3.2Approach 3.2.1Android
One of the first decisions that had to be made was which mobile device operating system (platform) to target the application to run on. The following three common mobile platforms were initially considered: the Android platform from Google [14], Windows Phone from Microsoft [15] and the iOS platform (formally known as iPhone OS before June 2010 [17] ) from Apple [16].
The Android platform was finally chosen for several reasons: this particular platform used a java type language which I already had experience of and so would help to shorten the development time. Additionally, an Android course was being taught in the second semester which would be useful in advancing the project. Although the iOS platform from Apple was a strong contender in the mobile device market [18], it would involve learning the Objective C programming language and it would have required purchasing an Apple Mac for development. The Windows mobile platform was the final platform considered and although it was gaining in popularity and had been receiving positive reviews as an easy platform to write for [21], there were (at the time of writing) currently less devices out there using it than Android or iOS.

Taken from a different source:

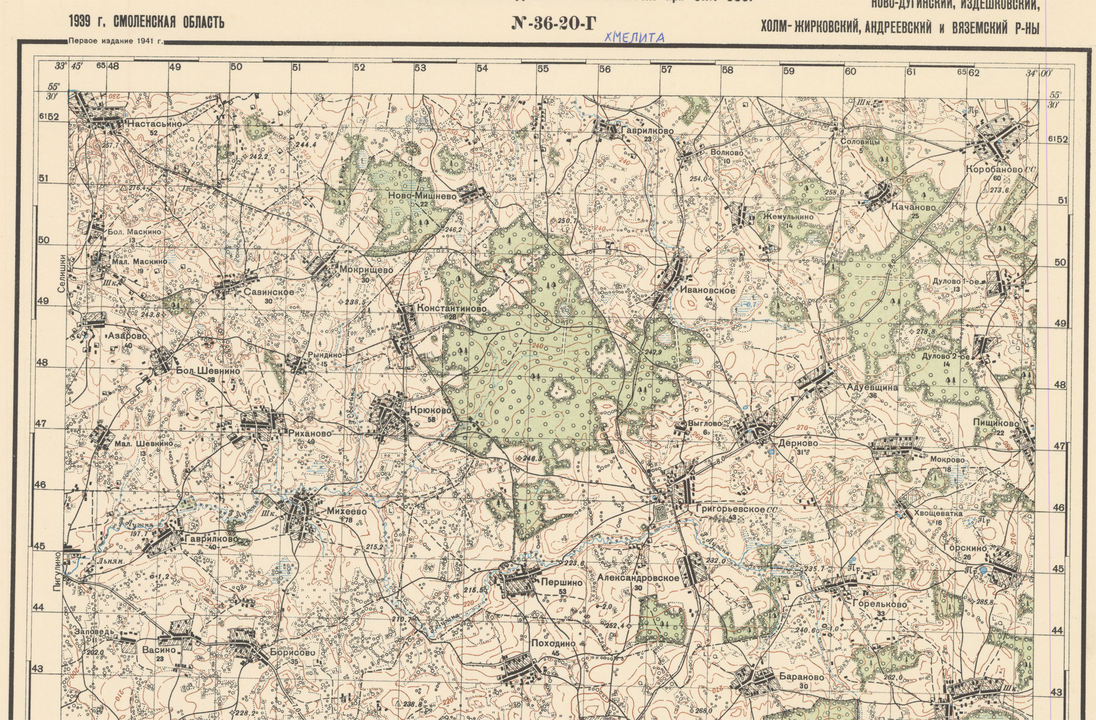 Смоленская - (N-36-20-Г) - Холм-Жирковский- 1939 - 1

The Android operating system was developed by Google and the Open Handset Alliance for smartphones and other mobile devices [12], [18]. An interesting and important aspect of its architecture was its Activity class [23] and its associated lifecycle (as shown in Figure 6.). An activity was typically a window that allowed the user to do something. Typically associated with an Activity was a layout file, used to generate and arrange how “views” appeared on the screen1. An Android “View” was a user interface class that handled screen layout and interactions with the user [22] (for example a “TextView” displayed text and an “ImageView” displayed an image on the screen).
The activity stack was an important aspect of Android and when the user pressed the “Back” key on an Android device it would remove (pop) the current activity and run the previous activity. As detailed in the Android documentation “An application should be able to restart at any time without loss of user data or state in order to handle events … and then returns to your application” [24].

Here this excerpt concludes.